Even as American and Russian negotiators sat down together on Tuesday for the first time since Moscow’s full-fledged invasion of Ukraine nearly three years ago, Mr. Trump has signaled that he is willing to abandon America’s allies to make common cause with President Vladimir V. Putin of Russia.
As far as Mr. Trump is concerned, Russia is not responsible for the war that has devastated its neighbor. Instead, he suggests that Ukraine is to blame for Russia’s invasion of it. To listen to Mr. Trump talk with reporters on Tuesday about the conflict was to hear a version of reality that would be unrecognizable on the ground in Ukraine and certainly would never have been heard from any other American president of either party.
In Mr. Trump’s telling, Ukrainian leaders were at fault for the war for not agreeing to surrender territory and therefore, he suggested, they do not deserve a seat at the table for the peace talks that he has just initiated with Mr.
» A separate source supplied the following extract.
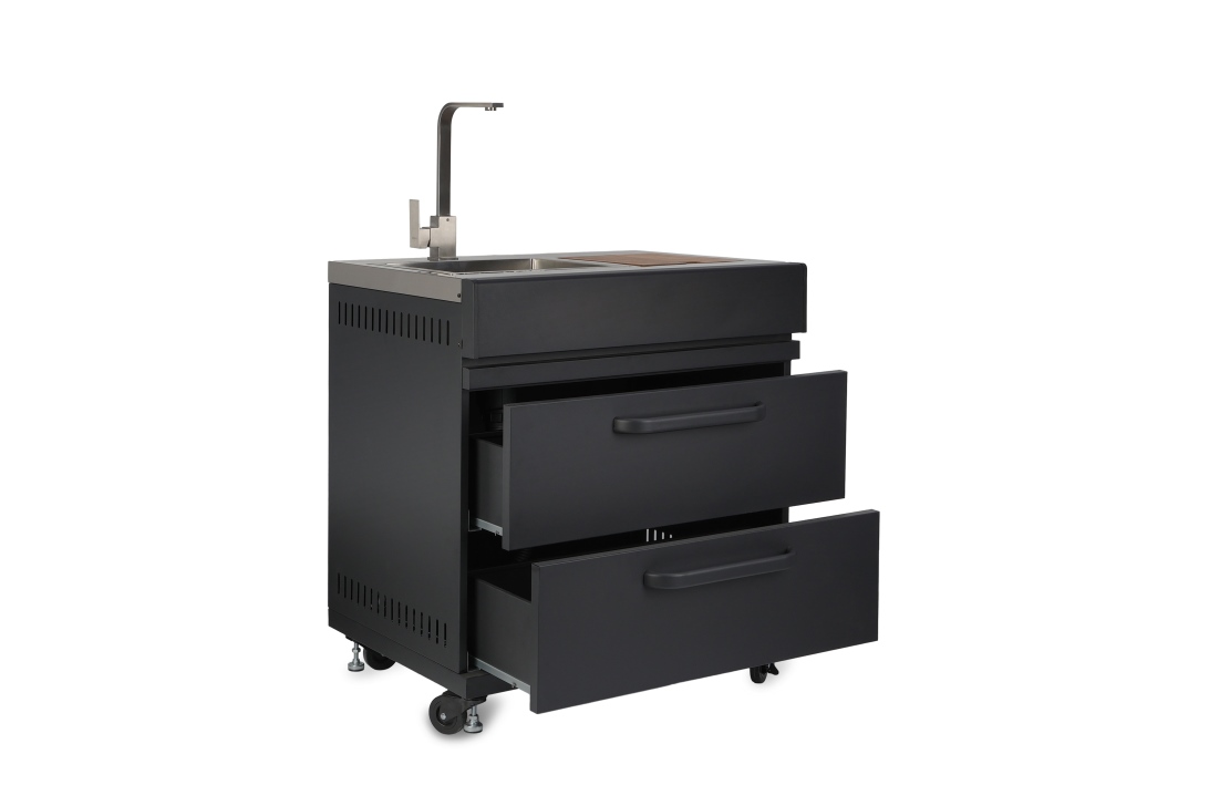 - יחידת כיור הכוללת מגירות אחסון + ברז + כיור + משטח עליון לאחסון קרח ובוצ'ר עליון ( אורך 80 / עומק 63.5 / גובה 88.5 ) ס"מ.

Putin. “You should have never started it,” Mr. Trump said, referring to Ukrainian leaders who, in fact, did not start it. “You could have made a deal.”
Speaking at his Mar-a-Lago estate in Florida, he went on: “You have a leadership now that’s allowed a war to go on that should have never even happened.” By contrast, Mr. Trump uttered not one word of reproach for Mr. Putin or for Russia, which first invaded Ukraine in 2014, waged a low-intensity war against it through all four years of Mr. Trump’s first term and then invaded it in 2022 aiming to take over the whole country.
Mr. Trump is in the middle of executing one of the most jaw-dropping pivots in American foreign policy in generations, a 180-degree turn that will force friends and foes to recalibrate in fundamental ways. Ever since the end of World War II, a long parade of American presidents saw first the Soviet Union and then, after a brief and illusory interregnum, its successor Russia as a force to be wary of, at the very least. Mr. Trump gives every appearance of viewing it as a collaborator in future joint ventures.
He makes clear that the United States is done isolating Mr. Putin for his unprovoked aggression against a weaker neighbor and the slaughter of hundreds of thousands of people. Instead, Mr. Trump, who has always had a perplexing fondness for Mr. Putin, wants to readmit Russia to the international club and make it one of America’s top friends.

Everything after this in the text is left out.